ACTIVITY: Beginning with the line that contains "巨大ホッチキスで止まってる箱はそれも外してから…面倒ですが全部外さないと。" in the material below, print each line exactly until the line that contains "千葉県地域課題解決型起業支援事業補助金" has been printed, then stop.

GIVEN INFORMATION:
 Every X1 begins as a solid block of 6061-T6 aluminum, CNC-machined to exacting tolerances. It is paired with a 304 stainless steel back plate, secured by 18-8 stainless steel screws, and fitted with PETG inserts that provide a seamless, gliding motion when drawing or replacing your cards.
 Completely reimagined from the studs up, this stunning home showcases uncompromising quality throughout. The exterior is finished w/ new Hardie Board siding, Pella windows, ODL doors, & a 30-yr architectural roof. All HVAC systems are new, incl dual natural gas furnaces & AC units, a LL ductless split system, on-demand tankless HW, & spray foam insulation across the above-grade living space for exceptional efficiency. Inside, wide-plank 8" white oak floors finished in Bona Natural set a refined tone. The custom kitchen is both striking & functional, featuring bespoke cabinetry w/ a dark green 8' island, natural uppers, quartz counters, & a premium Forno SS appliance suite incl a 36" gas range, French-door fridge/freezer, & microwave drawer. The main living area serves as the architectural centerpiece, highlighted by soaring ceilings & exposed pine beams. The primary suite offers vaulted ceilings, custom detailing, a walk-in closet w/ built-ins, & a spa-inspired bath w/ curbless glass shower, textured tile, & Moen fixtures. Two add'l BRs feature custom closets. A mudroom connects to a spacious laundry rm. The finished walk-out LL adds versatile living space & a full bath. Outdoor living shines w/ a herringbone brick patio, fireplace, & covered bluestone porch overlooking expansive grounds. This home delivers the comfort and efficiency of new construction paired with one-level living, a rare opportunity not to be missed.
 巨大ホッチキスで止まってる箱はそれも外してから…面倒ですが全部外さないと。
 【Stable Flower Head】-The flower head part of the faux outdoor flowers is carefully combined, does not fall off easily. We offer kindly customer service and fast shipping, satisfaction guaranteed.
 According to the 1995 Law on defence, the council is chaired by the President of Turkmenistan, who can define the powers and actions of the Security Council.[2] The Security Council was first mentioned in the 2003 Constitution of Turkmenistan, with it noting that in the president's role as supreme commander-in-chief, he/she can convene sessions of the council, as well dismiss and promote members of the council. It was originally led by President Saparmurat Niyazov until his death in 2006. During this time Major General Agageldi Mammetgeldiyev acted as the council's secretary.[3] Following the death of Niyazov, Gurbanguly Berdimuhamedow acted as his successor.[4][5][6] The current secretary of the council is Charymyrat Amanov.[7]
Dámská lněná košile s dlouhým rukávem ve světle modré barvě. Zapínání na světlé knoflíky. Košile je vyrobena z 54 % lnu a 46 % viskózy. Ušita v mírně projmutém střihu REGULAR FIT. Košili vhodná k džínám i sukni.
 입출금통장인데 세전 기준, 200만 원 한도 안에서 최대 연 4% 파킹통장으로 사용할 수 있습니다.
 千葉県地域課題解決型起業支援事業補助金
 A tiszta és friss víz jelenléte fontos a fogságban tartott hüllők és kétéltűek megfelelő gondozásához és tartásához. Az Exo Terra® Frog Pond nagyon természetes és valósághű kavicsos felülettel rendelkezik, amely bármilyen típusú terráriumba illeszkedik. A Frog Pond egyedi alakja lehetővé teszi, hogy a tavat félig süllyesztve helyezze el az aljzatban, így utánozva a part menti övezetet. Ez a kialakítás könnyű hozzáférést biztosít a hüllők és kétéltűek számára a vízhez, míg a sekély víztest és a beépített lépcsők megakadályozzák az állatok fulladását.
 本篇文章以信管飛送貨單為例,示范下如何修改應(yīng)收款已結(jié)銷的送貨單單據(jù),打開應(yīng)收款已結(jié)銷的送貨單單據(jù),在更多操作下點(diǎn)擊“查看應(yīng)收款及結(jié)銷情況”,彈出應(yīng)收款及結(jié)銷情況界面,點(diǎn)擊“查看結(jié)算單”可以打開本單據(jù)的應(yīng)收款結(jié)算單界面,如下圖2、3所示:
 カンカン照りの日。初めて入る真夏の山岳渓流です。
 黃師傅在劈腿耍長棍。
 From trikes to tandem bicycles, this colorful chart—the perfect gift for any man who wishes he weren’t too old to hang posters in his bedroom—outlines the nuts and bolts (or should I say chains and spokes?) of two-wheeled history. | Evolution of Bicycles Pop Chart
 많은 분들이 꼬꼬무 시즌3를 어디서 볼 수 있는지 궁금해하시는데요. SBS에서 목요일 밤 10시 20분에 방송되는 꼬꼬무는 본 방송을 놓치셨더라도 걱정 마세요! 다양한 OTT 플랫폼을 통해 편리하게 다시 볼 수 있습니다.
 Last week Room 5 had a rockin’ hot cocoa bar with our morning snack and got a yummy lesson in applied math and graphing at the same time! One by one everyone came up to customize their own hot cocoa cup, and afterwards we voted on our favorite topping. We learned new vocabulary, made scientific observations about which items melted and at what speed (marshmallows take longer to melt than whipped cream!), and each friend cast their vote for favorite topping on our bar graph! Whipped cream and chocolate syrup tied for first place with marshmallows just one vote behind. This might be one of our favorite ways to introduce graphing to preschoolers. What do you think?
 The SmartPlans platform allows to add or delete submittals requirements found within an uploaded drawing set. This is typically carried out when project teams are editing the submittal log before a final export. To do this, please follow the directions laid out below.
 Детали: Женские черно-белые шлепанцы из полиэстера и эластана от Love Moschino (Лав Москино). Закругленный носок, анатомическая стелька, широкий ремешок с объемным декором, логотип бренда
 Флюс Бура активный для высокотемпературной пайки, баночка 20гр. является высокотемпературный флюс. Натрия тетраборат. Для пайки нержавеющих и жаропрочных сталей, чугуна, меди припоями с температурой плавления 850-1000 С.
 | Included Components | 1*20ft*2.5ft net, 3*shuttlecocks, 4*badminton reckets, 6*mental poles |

OUTPUT BELOW:
 巨大ホッチキスで止まってる箱はそれも外してから…面倒ですが全部外さないと。
 【Stable Flower Head】-The flower head part of the faux outdoor flowers is carefully combined, does not fall off easily. We offer kindly customer service and fast shipping, satisfaction guaranteed.
 According to the 1995 Law on defence, the council is chaired by the President of Turkmenistan, who can define the powers and actions of the Security Council.[2] The Security Council was first mentioned in the 2003 Constitution of Turkmenistan, with it noting that in the president's role as supreme commander-in-chief, he/she can convene sessions of the council, as well dismiss and promote members of the council. It was originally led by President Saparmurat Niyazov until his death in 2006. During this time Major General Agageldi Mammetgeldiyev acted as the council's secretary.[3] Following the death of Niyazov, Gurbanguly Berdimuhamedow acted as his successor.[4][5][6] The current secretary of the council is Charymyrat Amanov.[7]
Dámská lněná košile s dlouhým rukávem ve světle modré barvě. Zapínání na světlé knoflíky. Košile je vyrobena z 54 % lnu a 46 % viskózy. Ušita v mírně projmutém střihu REGULAR FIT. Košili vhodná k džínám i sukni.
 입출금통장인데 세전 기준, 200만 원 한도 안에서 최대 연 4% 파킹통장으로 사용할 수 있습니다.
 千葉県地域課題解決型起業支援事業補助金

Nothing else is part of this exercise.